Diversi giorni fa è emersa in rete la notizia che vede la presentazione di Android M durante il prossimo Google I/O che si terrà a San Francisco a fine Maggio. Che il nome della prossima major release del robottino verde comincerà con la lettera M è ormai una cosa scontata, essendo la M la lettera successiva alla L (Lollipop). La tradizione che lega Android ai nomi di tanti dolci diversi risale al 2009, quando venne rilasciata la versione 1.5 Cupcake, dopo i canonici Alpha e Beta (gli unici che non rispettano questa caratteristica).

Da Cupcake a Lollipop, ecco il segreto dietro i nomi delle varie versioni di Android

Nel corso di questi anni Google è stata in generale molto silenziosa riguardo il motivo della scelta di questi nomi. Android nel frattempo si è evoluto, e possiamo solo ipotizzare quale sarà il nome della prossima major release. Marshmellow? Mars? Muffin? Solo il tempo ce lo dirà. In molti potreste pensare che dietro questa scelta ci siano studi di marketing e segreti ben particolari, ma la realtà è invece più scontata di quel che sembra.

La verità è che la tradizione di nominare ogni versione di Android con il nome di un dolce è nata per una battuta fatta da un dipendente durante la lavorazione di quello che sarebbe stato Android 1.5 Cupcake.
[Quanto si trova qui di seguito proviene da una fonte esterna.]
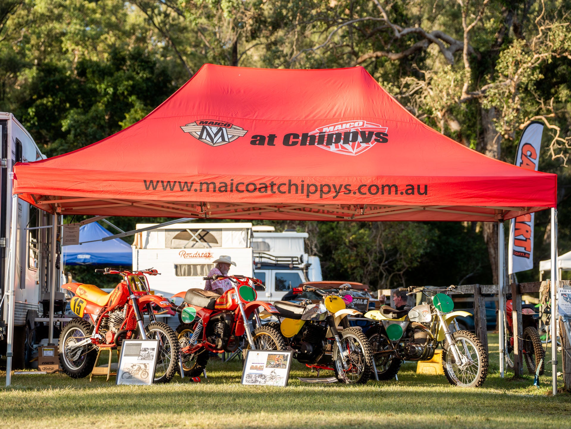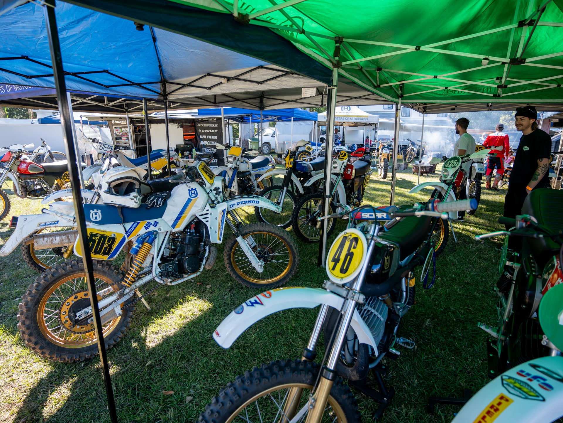 With large camps and tents dedicated to only one marque you can wander in and see every model of a particular era for that brand on display. We walked through entire collections of Bultaco, Husqvarna, Suzuki, Maico, Honda with the owners all happy to share details on their chosen collection. Usually the only bikes missing from the line up were the ones being hammered around the track at that point in time.

La battuta è piaciuta al punto che si è deciso di continuare a nominare le varie versioni in ordine alfabetico scegliendo per l’occasione un nome di un dolce diverso. Anni dopo, con l’introduzione della versione 4.4 KitKat, il colosso di Mountain View ha spiegato che la scelta di nomi di dolci e caramelle risiede nel fatto che smartphone e tablet ci addolciscono la vita, rendendola più semplice.

Android KitKat è stata finora l’unica versione del robottino verde ad utilizzare il nome di un brand ben conosciuto. All’epoca Google stava lavorando al nome di Key Lime Pie, ma si decise di optare per una partnership con Nestlé poiché “pochissime persone conoscono effettivamente il sapore di una key lime pie”, ha dichiarato John Lagerling di Google.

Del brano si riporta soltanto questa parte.